§ WHAT IS REQUIRED
When you reach the line containing "Duodenoscope with a" in the entries below, begin reproducing lines exactly, and stop once the line containing "Bulbine bulbosa . - Bulbine Lily" is done.

::: RECORD EXCERPTS

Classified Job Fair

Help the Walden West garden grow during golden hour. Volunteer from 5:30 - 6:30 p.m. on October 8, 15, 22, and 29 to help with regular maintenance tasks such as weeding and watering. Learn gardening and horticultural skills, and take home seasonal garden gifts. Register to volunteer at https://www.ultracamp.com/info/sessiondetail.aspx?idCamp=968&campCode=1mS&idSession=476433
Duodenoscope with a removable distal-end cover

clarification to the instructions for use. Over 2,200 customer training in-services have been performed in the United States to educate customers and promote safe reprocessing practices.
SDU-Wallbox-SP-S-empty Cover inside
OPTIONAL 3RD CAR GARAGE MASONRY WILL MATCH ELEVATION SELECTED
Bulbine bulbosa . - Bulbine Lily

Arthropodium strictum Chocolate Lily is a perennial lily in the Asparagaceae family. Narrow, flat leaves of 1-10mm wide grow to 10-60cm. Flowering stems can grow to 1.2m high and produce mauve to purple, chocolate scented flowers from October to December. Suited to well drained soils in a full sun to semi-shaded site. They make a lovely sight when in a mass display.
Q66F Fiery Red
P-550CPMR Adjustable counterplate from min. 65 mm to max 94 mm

::::::
::: RECORD EXCERPTS

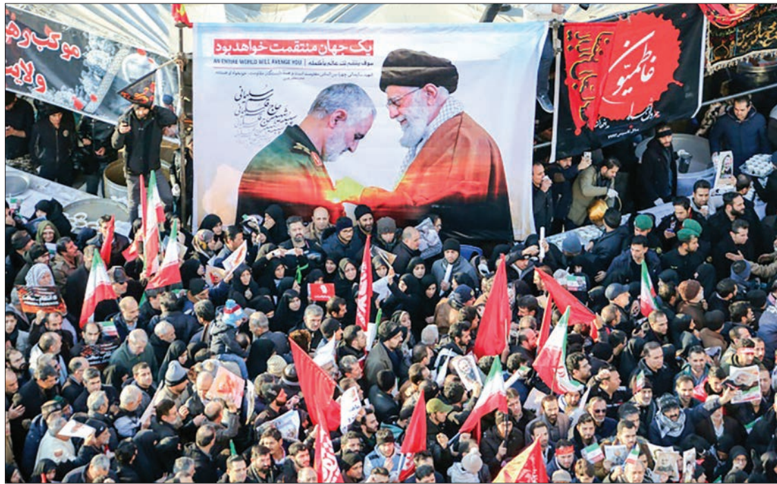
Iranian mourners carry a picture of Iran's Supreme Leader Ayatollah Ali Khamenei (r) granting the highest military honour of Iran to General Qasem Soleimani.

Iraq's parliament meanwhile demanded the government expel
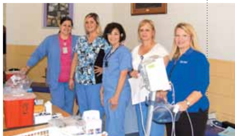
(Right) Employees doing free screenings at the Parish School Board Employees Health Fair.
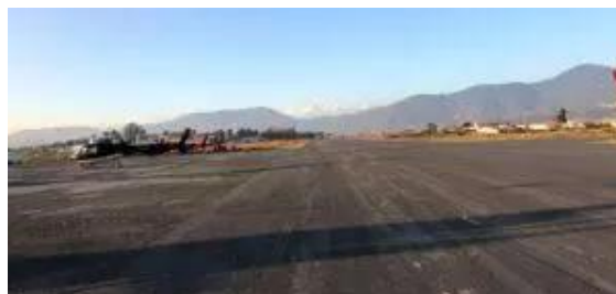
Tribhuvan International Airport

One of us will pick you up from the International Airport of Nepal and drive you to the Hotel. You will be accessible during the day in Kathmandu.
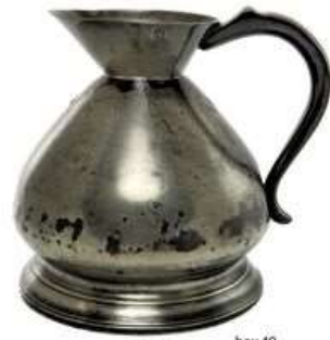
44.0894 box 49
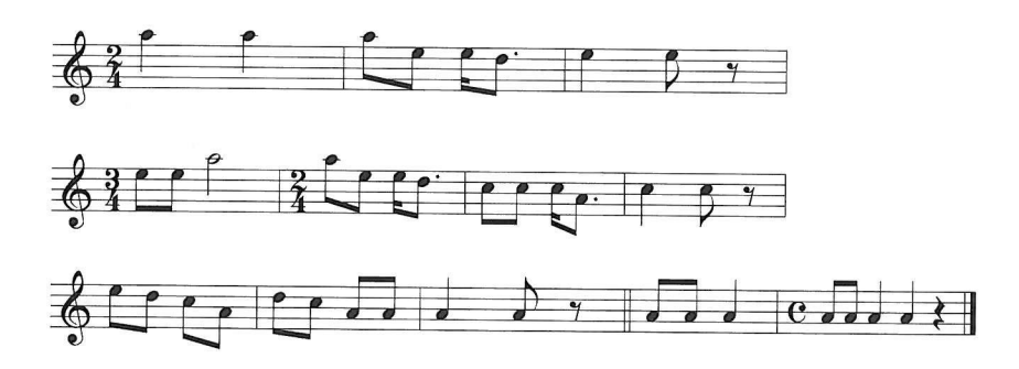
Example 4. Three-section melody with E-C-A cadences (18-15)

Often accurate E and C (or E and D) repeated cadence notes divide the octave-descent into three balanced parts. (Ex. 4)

::::::
::: RECORD EXCERPTS

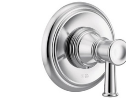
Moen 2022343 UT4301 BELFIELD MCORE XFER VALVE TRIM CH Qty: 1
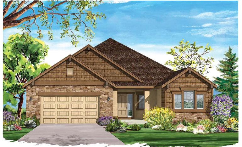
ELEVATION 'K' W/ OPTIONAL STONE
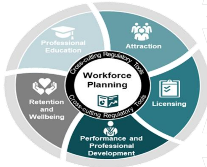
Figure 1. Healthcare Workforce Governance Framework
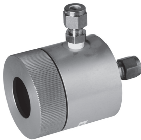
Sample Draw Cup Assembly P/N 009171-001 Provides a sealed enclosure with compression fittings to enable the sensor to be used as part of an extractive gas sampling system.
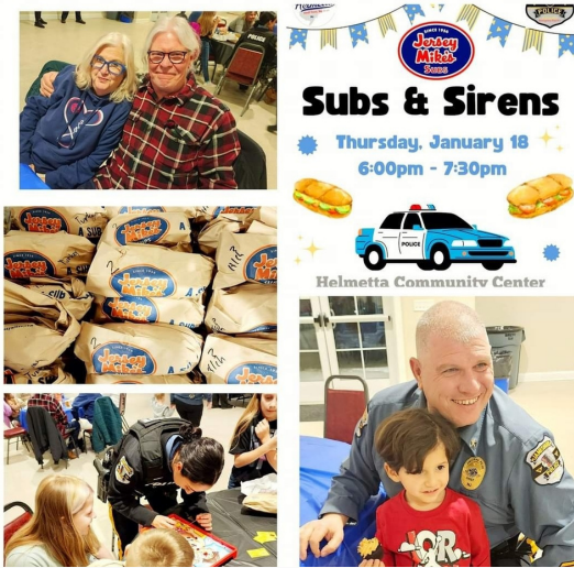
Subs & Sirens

::::::

§ SOLUTION TO THIS TASK
Duodenoscope with a removable distal-end cover

clarification to the instructions for use. Over 2,200 customer training in-services have been performed in the United States to educate customers and promote safe reprocessing practices.
SDU-Wallbox-SP-S-empty Cover inside
OPTIONAL 3RD CAR GARAGE MASONRY WILL MATCH ELEVATION SELECTED
Bulbine bulbosa . - Bulbine Lily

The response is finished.